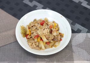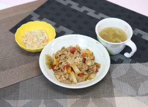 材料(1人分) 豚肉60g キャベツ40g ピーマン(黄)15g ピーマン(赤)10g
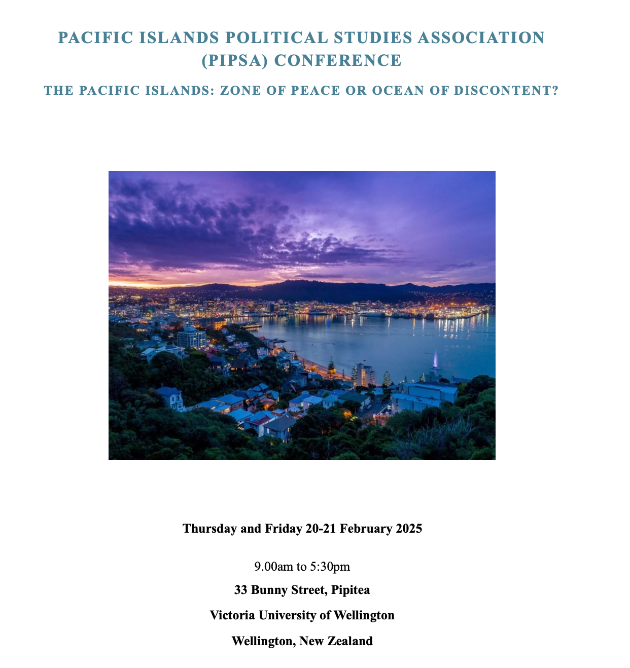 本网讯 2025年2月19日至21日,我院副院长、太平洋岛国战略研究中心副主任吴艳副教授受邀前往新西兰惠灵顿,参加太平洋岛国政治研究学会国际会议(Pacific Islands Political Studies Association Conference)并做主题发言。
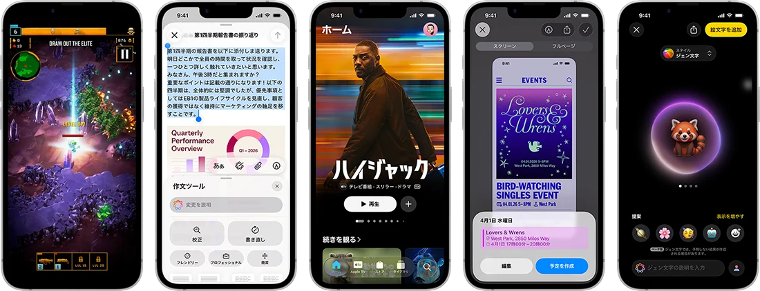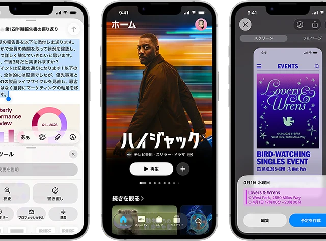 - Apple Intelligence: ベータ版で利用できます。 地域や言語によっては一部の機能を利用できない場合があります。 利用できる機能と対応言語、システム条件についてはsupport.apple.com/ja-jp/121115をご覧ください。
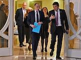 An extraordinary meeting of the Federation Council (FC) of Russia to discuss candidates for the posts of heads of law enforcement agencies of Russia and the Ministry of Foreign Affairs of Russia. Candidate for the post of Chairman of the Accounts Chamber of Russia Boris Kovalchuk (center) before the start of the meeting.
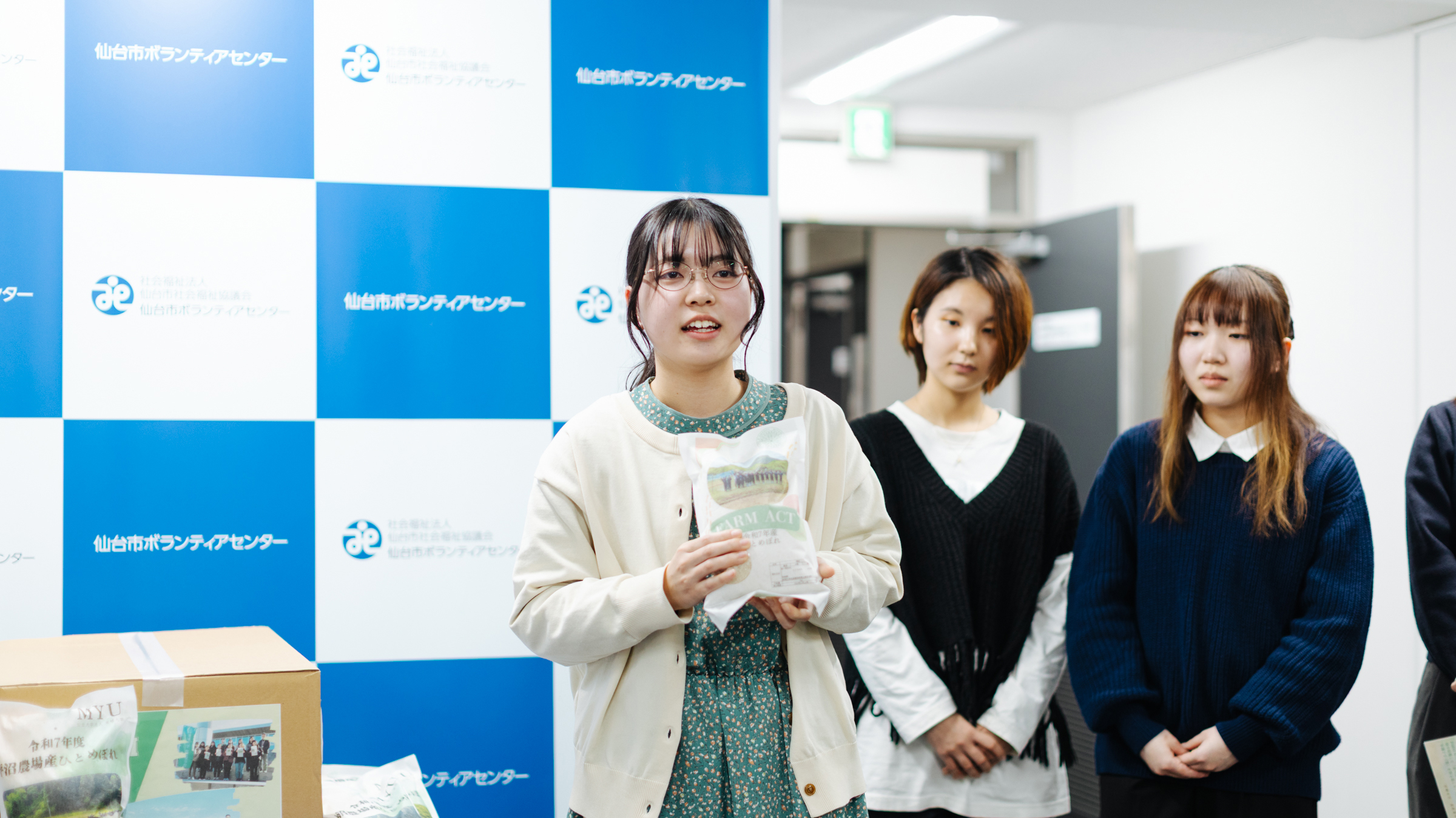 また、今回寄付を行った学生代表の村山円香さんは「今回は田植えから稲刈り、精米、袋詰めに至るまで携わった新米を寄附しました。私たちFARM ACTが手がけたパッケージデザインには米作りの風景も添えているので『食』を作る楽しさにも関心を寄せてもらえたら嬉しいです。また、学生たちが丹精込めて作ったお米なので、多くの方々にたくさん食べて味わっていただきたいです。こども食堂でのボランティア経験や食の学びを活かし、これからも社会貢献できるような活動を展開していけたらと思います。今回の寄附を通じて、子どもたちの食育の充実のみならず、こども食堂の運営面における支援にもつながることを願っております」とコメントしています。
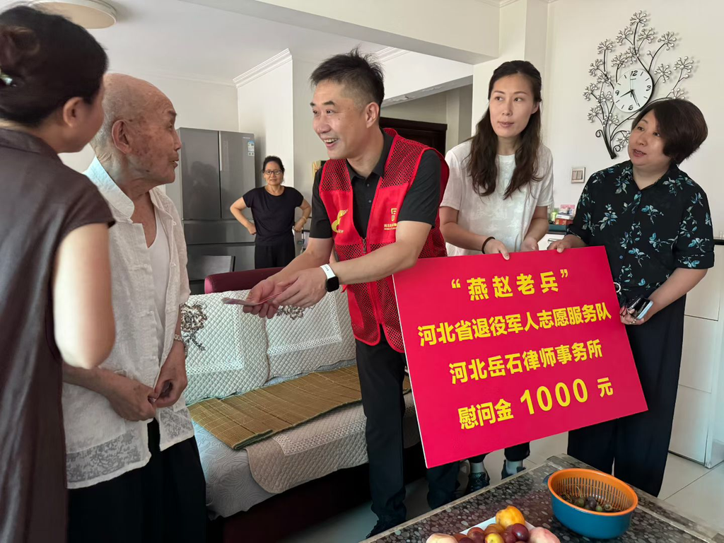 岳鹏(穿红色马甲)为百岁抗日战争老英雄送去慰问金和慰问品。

* * *

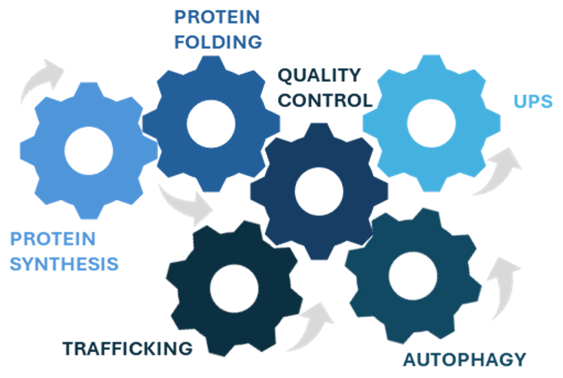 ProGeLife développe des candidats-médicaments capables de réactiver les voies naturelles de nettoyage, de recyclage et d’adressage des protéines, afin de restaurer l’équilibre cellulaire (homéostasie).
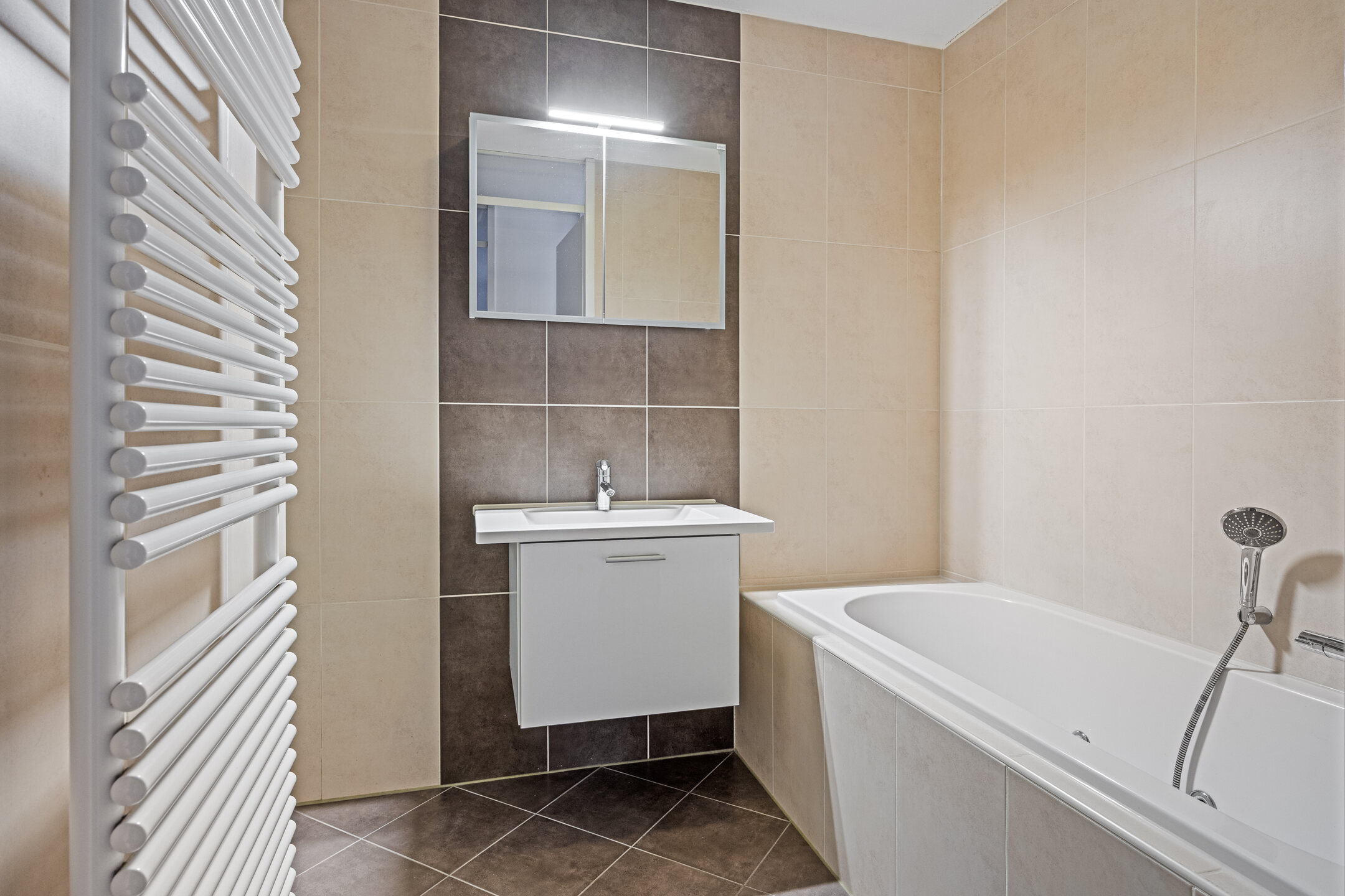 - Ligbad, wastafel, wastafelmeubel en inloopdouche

> ACTIVITY:
Could you output exactly the lines above, from the line with "Studies Association Conference)并做主题发言。" up to and including the line with "- Apple Intelligence: ベータ版で利用できます。", and nothing else, skipping the pictures?

> ANSWER FOR THE TASK:
 本网讯 2025年2月19日至21日,我院副院长、太平洋岛国战略研究中心副主任吴艳副教授受邀前往新西兰惠灵顿,参加太平洋岛国政治研究学会国际会议(Pacific Islands Political Studies Association Conference)并做主题发言。
 - Apple Intelligence: ベータ版で利用できます。 地域や言語によっては一部の機能を利用できない場合があります。 利用できる機能と対応言語、システム条件についてはsupport.apple.com/ja-jp/121115をご覧ください。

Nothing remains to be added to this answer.